→ **YOUR GOAL**
Starting at the line below that contains "This is an original" and ending at the line that contains "- Troisièmement, ces", retype each line exactly as it stands, but omit the pictures.

[Collected data]
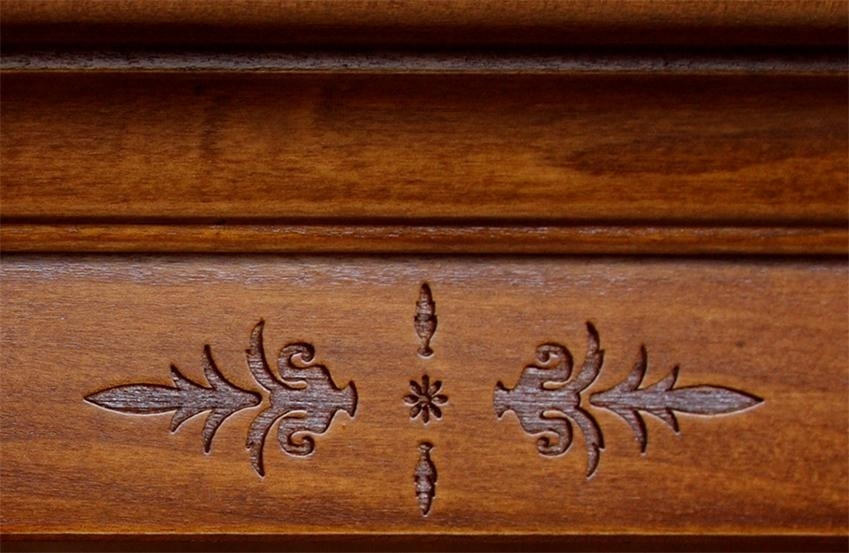 Die Struktur ist sehr stark und gut bearbeitet. Der Sockel und die Platte sind aus Massiv Toulipier, die andere Teilen sind aus MDF Paneel, die durch Tanganjika Nussbaum und Buchenholz plattiert werden.
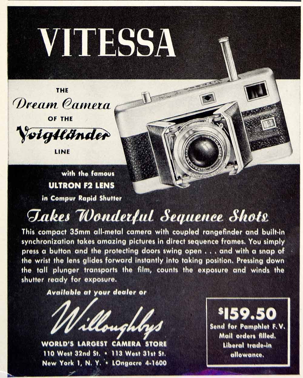 This is an original 1952 black and white print ad for Vitessa, featuring the Dream Camera of the Voigtlander Line, which includes the famous Ultron F2 Lens.
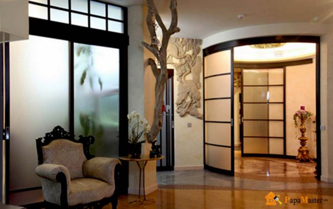 - Troisièmement, ces éléments sont parfaitement combinés avec tous les autres éléments de l'intérieur - il n'y a pas de revêtement de sol ou de mur qu'un mur de verre ne conviendrait pas.
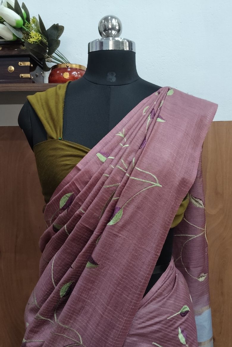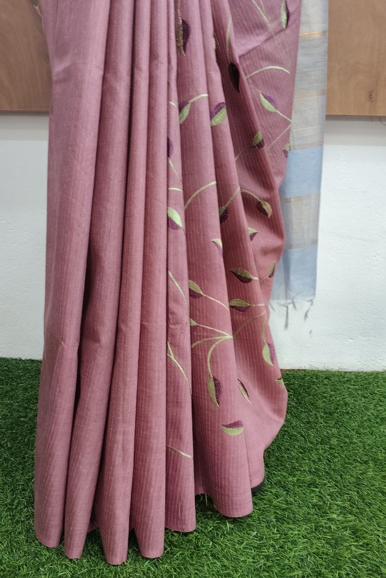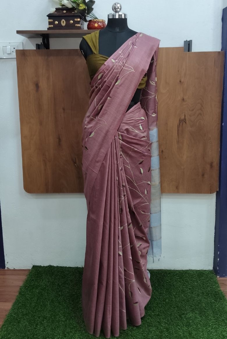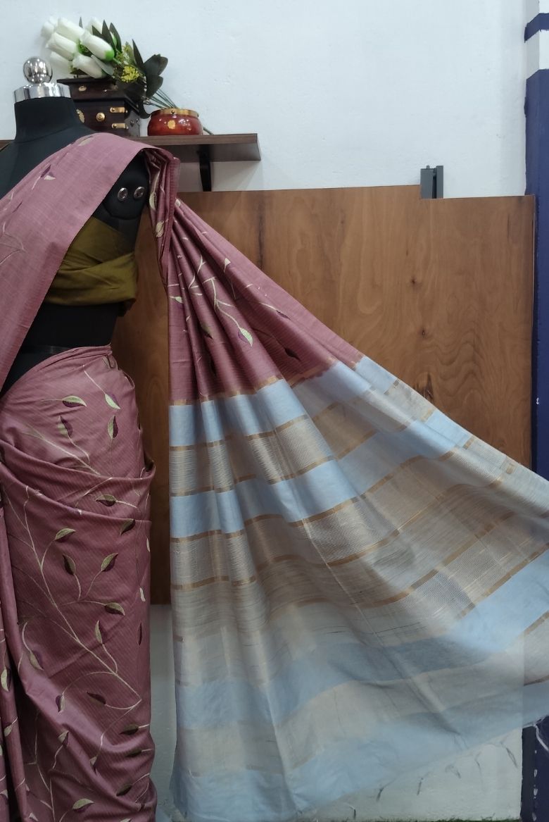 This Kota Munga Silk Saree featuring elegant leaf pattern embroidery , Pallu has a shade with simple golden zari border.
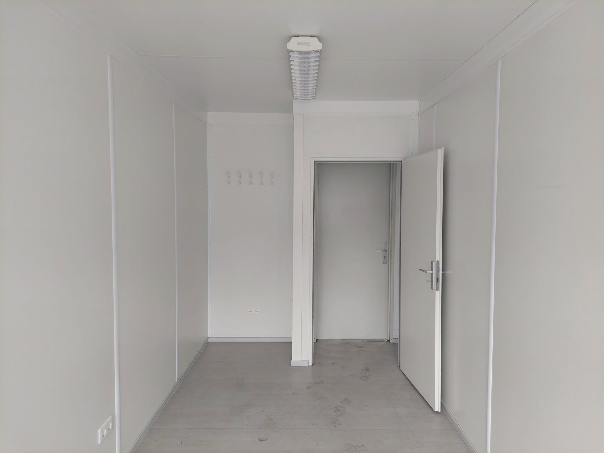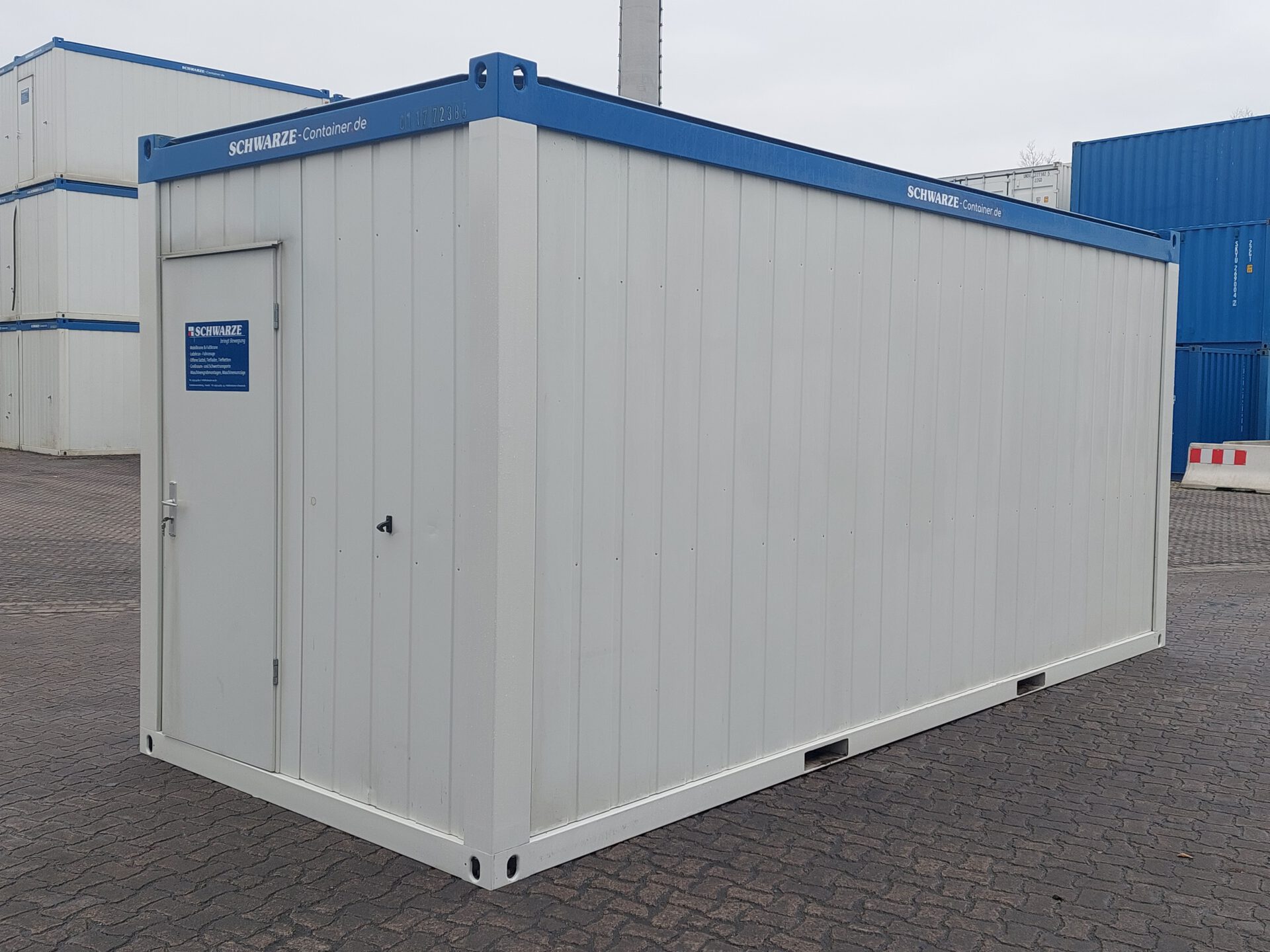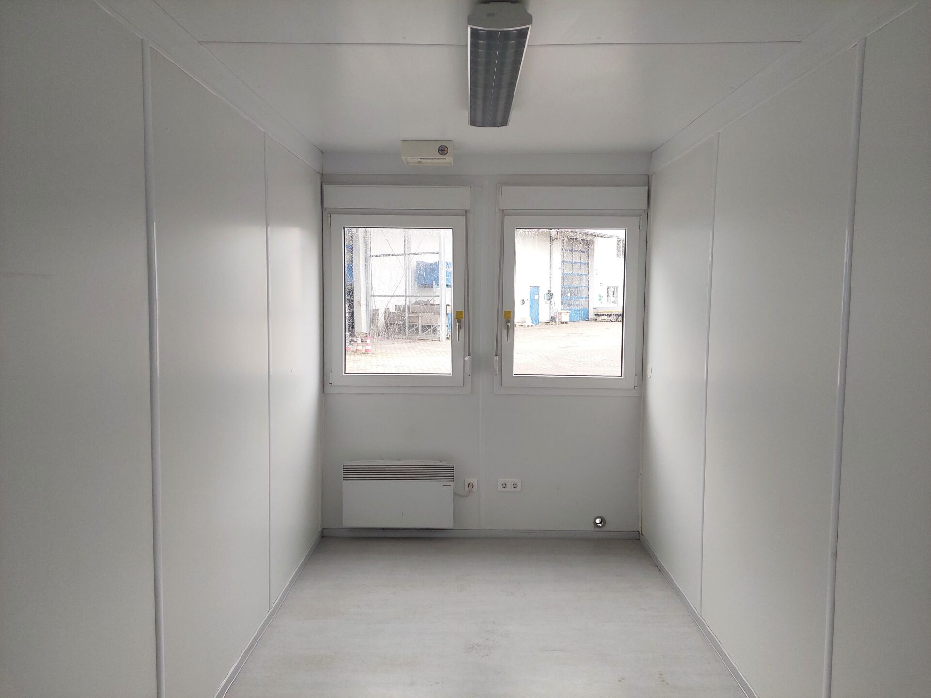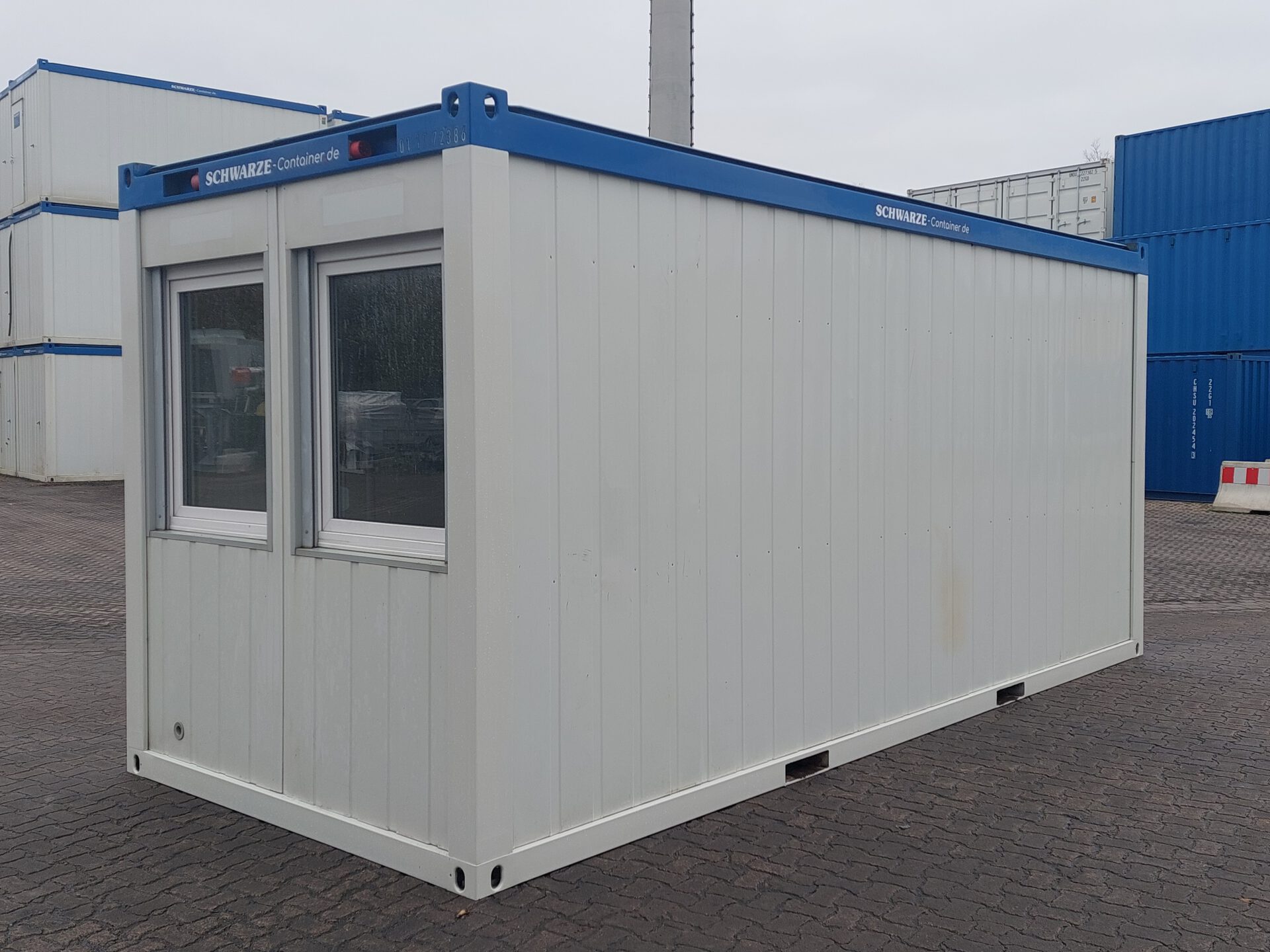 20′ Bürocontainer 011772386 gebraucht – Außenmaße LxBxH 6.055 x 2.435 x 2.800 mm – Außenlackierung grauweiß, Rahmen blau – Isolierung Wand Mineralwolle 100mm – 1 Außentür stirnseitig, mit Windfang – 2 Dreh-/Kippfenster stirnseitig – 2 Spiegelrasterleute – 1 Elektroheizung – ab Depot Garbsen

→ **WRITTEN ANSWER**
 This is an original 1952 black and white print ad for Vitessa, featuring the Dream Camera of the Voigtlander Line, which includes the famous Ultron F2 Lens.
 - Troisièmement, ces éléments sont parfaitement combinés avec tous les autres éléments de l'intérieur - il n'y a pas de revêtement de sol ou de mur qu'un mur de verre ne conviendrait pas.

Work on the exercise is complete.